Material provided |
/---

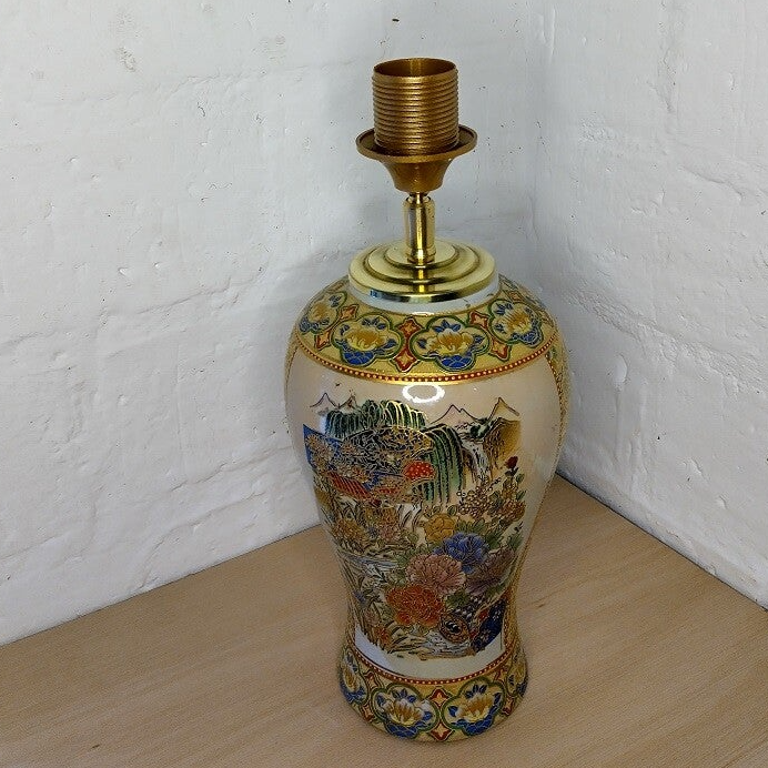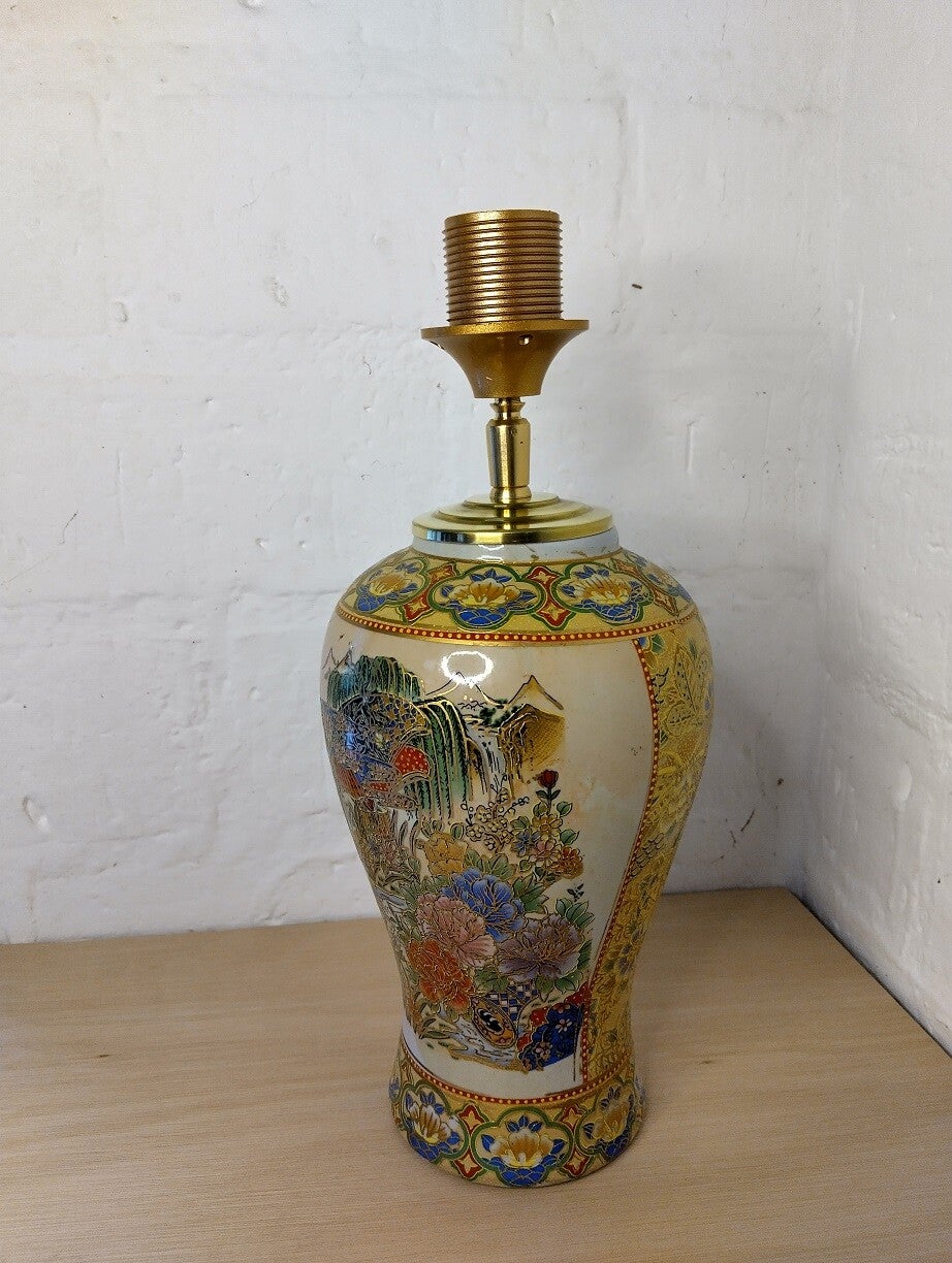 Lampenvoet gemaakt van een Chinese vaas. De vaas heeft een beige kleur. De opdrukken zijn goudkleurig aangevuld met rood, blauw, groen. De voorstelling op de vaas zijn een waterval, bergen en bloemen.
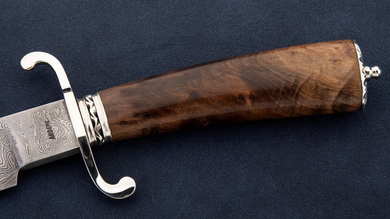 ABS MS大卫.安德斯手工打造,孤品唯一。大卫1989年开始做刀,在美国阿肯色ABS学校学习锻造,并在92年取得JS称号,94年取得MS称号。大卫擅长制作美式传统直刀,最擅长制作博伊刀,曾在北美展会获得过最佳博伊、最佳艺术刀、最佳猎刀等大奖。
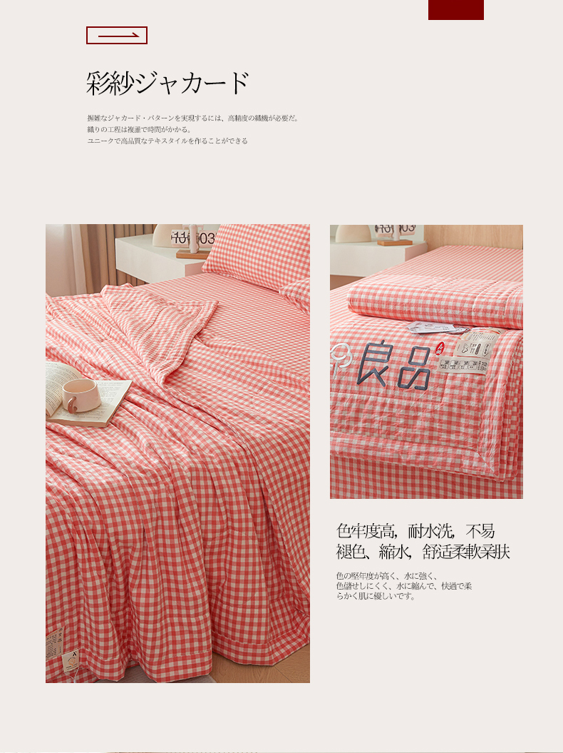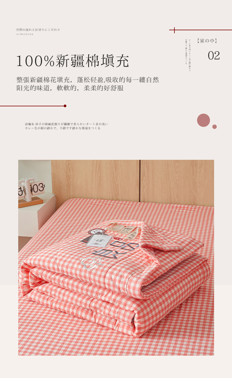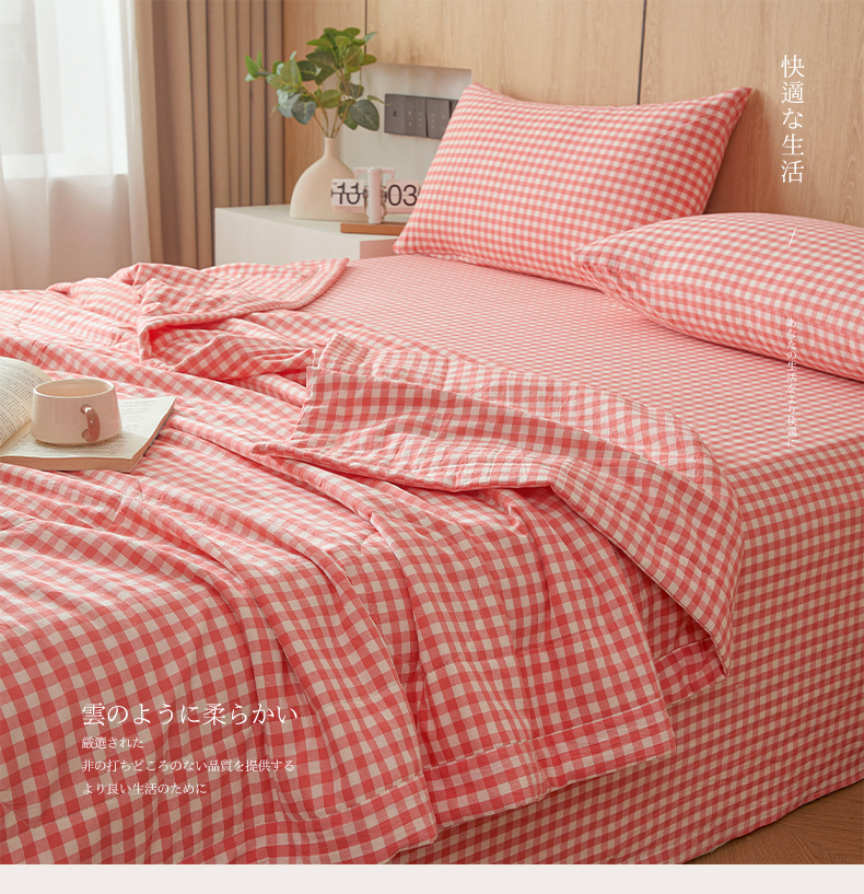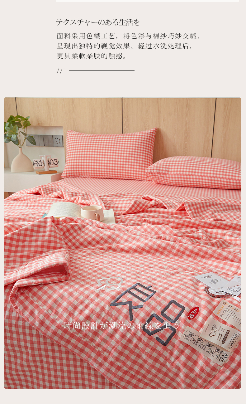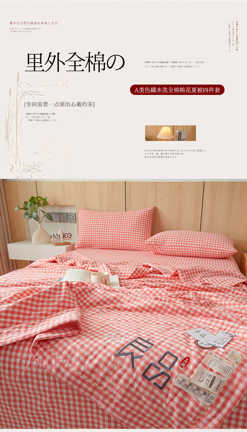 当前位置: 91家纺网 > 商品网购 > 床品套件 > 四件套 > 夏被四件套 > 悦织语 2025新款全棉水洗色织新疆棉100%棉花刺绣款无印风夏被四件套 粉小格

\---

Activity | Write the data out again exactly, but without its images.

Expected answer |
 Lampenvoet gemaakt van een Chinese vaas. De vaas heeft een beige kleur. De opdrukken zijn goudkleurig aangevuld met rood, blauw, groen. De voorstelling op de vaas zijn een waterval, bergen en bloemen.
 ABS MS大卫.安德斯手工打造,孤品唯一。大卫1989年开始做刀,在美国阿肯色ABS学校学习锻造,并在92年取得JS称号,94年取得MS称号。大卫擅长制作美式传统直刀,最擅长制作博伊刀,曾在北美展会获得过最佳博伊、最佳艺术刀、最佳猎刀等大奖。
 当前位置: 91家纺网 > 商品网购 > 床品套件 > 四件套 > 夏被四件套 > 悦织语 2025新款全棉水洗色织新疆棉100%棉花刺绣款无印风夏被四件套 粉小格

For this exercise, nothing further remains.